The application of a gradient field in conjunction with an RF pulse
of controlled frequency bandwidth allows control of the location and thickness
of the slice of tissues that will experience NMR (slice selective excitation).
Localisation within the slice in one dimension within the excited slice
is achieved by applying a gradient during echo formation and signal readout,
which frequency encodes the component of the MR signal depending on spatial
location (frequency encoding). Localisation in the final dimensions is
achieved by analysing the effect of spatially dependant phase shifts created
by transient gradient applications before signal readout (phase encoding).

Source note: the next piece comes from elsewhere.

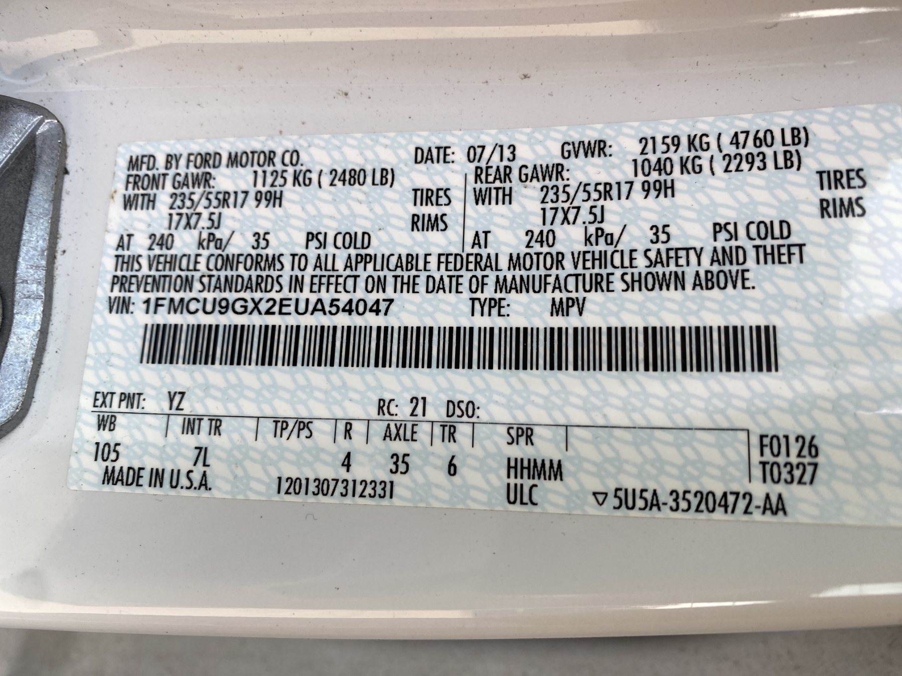 Vehicle ID Number: 1FMCU9GX2EUA54047

The Gradient system is also used to restore the phase coherence of transverse
magnetisation in gradient echo and spin echo sequences.
MR uses three gradient fields, each made to vary the field in one of
the three prime axes of the machine. The fields are created by passing
DC pulses (gradient current), through the gradient coils. The gradient
currents are very high(200 - 600 Amps) and need to be switched on and off
quickly (<< 1 ms) and accurately. This is achieved by digitally controlled
high power amplifiers, referred to as the gradient amplifiers. Each of
the three gradient coil sets has a dedicated gradient amplifier, the combination
is controlled by a computer called the gradient control unit. Pulse shapes
used to switch the gradient amplifiers are created by the host computer
or by dedicated pulse control systems. Sophisticated gradient pulse control
makes possible Oblique slice selection techniques to reduce motion artefacts
(gradient moment nulling) and the localisation of saturation slabs.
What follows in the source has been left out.